Alec James Swann (born 26 October 1976) is a former English cricketer who played for Northamptonshire and Lancashire in county cricket. A right handed batsman, he scored 3,305 first-class runs including eight centuries. He is the older brother of Graeme Swann.

==Cricket career==
===Northamptonshire===
Prior to making his debut for Northamptonshire Swann had represented England at under-15 level and made appearances for Bedfordshire in the minor counties championship. Having scored centuries for Northamptonshire in consecutive second XI matches at the start of the 1996 season he was given his first-class debut against Oxford University, scoring an unbeaten 76 in the second innings. Later in the season he appeared for England Under-19s against New Zealand before making his County Championship debut against Gloucestershire.
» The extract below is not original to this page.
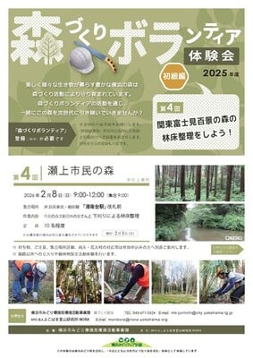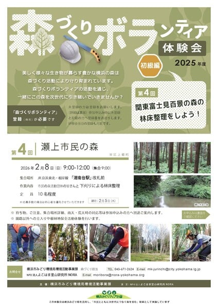 | 現地団体 | 瀬上さとやまもりの会(現地団体) よこはま里山研究所NORA(事業受託) 横浜市みどり環境局環境活動事業課(主催) |

Swann continued to play mostly second XI cricket in 1997 but made two first-class appearances at the end of the season. In the second of these he scored his maiden first-class century, batting at number three against Warwickshire at Edgbaston he made 136. He began the following season in the first team but poor form led to him returning second XI cricket. After scoring three centuries in four innings at that level he returned to the first team where he scored 85 against Kent, this was his only first-class fifty of the season.

Swann continued to switch between the first and second team in 1999 although he showed improved form, in 12 first-class matches he scored 573 runs at an average of 31.83. Playing against Nottinghamshire in June he scored a career-best 154 and shared a 217-run partnership with Matthew Hayden in the process, despite this he returned to second XI cricket the following week. He made his List A debut against Nottinghamshire a month later, scoring 74 as opener and again sharing a century partnership with Hayden.
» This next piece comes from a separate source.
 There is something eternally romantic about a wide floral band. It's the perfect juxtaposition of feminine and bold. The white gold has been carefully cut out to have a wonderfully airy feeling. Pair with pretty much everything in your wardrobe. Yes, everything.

In 2000 Swann made only three first-class appearances and after a poor 2001 season in which he averaged 21.77 from 13 matches he was released by the club.

===Lancashire===
In January 2002 Swann was signed by Lancashire to strengthen their batting options following the retirement of Mike Atherton. Swann was a regular opener during the 2002 season playing 18 first-class matches and scoring 1,073 runs at 37.00. His tally was the first and only time he reached a 1,000 runs in a season and included two centuries, both against Yorkshire. Innings of 128 and 111 made him the first Lancastrian to score centuries in his first two Roses matches.
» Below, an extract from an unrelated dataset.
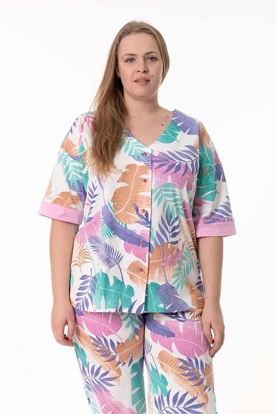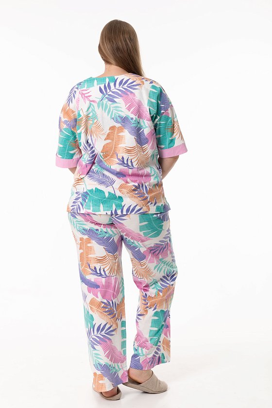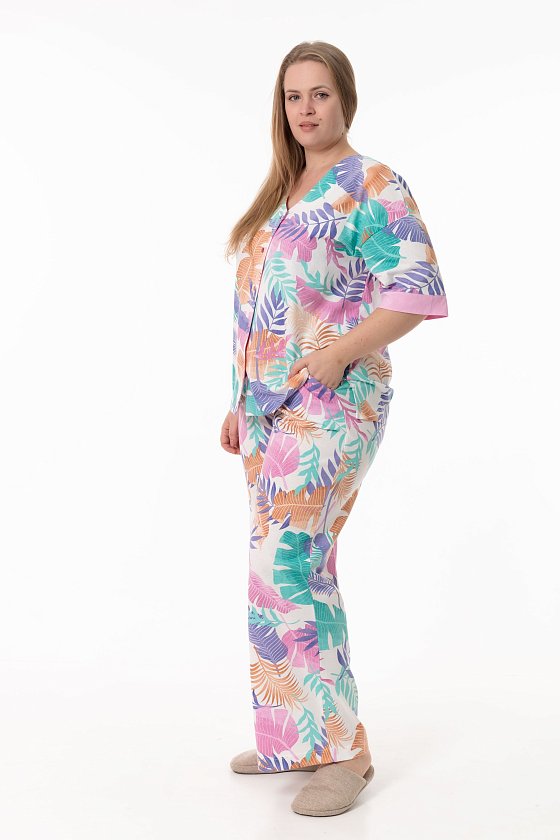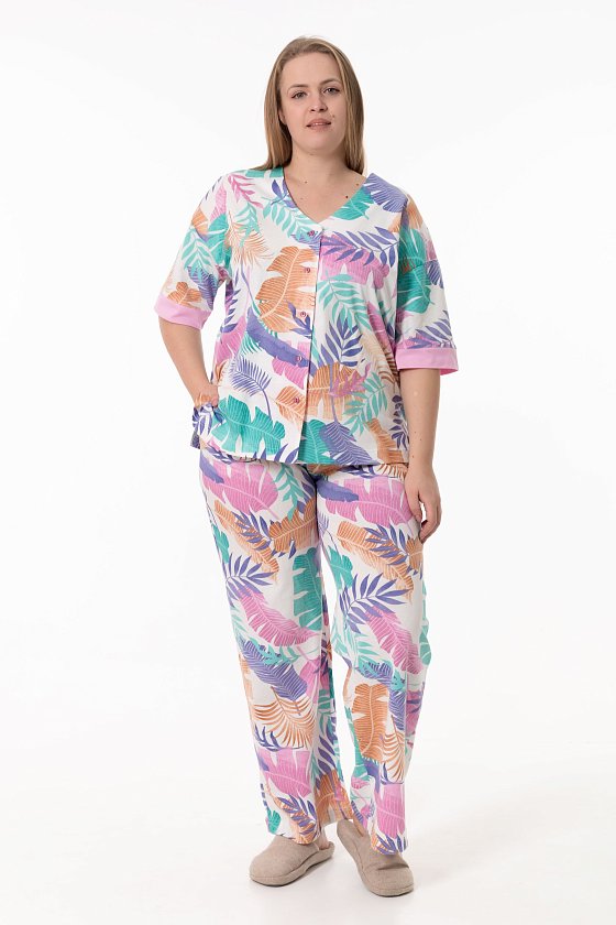 Пижама выполненная из кулирки и состоящая из рубашки и брюк - комфортный и свободный комплект для сна и домашнего отдыха. Брюки прямого кроя имеют свободную посадку, притачной пояс и боковые карманы, обеспечивают удобство в носке. Рубашка оверсайз со спущенным рукавом длиной примерно до линии локтя застёгивается на пуговицы и имеет V-образный вырез горловины. В боковых швах предусмотрены разрезы, а планка рукавов, подборта и обтачка спинки выполнены из однотонного отделочного материала, создавая аккуратный контраст и завершённый внешний вид модели.

The following two seasons were less successful for Swann, in 15 first-class matches he scored 467 runs at 21.22. He was released by the club at the end of 2004 season.

==Post-playing career==
Post cricket, Swann embarked on a career as a journalist as the sports correspondent of the Northamptonshire Evening Telegraph. Between 2014 and 2016, he was head of production and planning for The Cricketer magazine. Since 2020, he has acted as a match referee in English county cricket.